There is such a big part of me that doesn't want to go on. There is such a big part of me that doesn't want to do anymore healing.
I am so tired.
It is painful to even write all of that, and to have to think about it. And feel it.
But the way it is with me right now, and I need to write it, no matter how painful, is that I don't want to go on. I don't want to heal. Everything inside of me is screaming right now that I just want to be left alone. That I just don't want to go on.
A big part of me right now doesn't want to even exist.
I am really struggling with that right now. I am really struggling with wanting to even be on this planet.
And struggling like that fills me with all sorts of dread, and anxiety, and anger.

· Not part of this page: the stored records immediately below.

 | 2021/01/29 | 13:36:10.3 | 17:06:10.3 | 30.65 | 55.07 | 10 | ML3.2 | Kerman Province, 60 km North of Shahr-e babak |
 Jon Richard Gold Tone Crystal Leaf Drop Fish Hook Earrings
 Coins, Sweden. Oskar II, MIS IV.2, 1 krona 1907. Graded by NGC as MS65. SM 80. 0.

I keep trying, trying so hard, to see things any other way. But in the end, it all comes back to that one thought and feeling: I don't want to be alive.

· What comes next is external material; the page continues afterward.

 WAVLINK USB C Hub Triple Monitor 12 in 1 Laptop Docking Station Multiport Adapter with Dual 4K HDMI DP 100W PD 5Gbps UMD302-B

The stress I feel every day. I can't handle work. I can't handle much of any of my daily functionings. I go through the motions, and every day it is a struggle to keep myself from running away or hiding under my covers.
My physical health is not good. I did “too much” yesterday, but no more than I used to do two months ago. And last night, and for most of today, I have had moments close to agony. But, I saw my primary care doc on Thursday, and she alluded to some of what I feel being in my head.
All of that, everything, makes me want to say, I give up.
Instead, I just wallow in this depression and misery that has enveloped me and that cloaks me like the darkest night on the brightest day.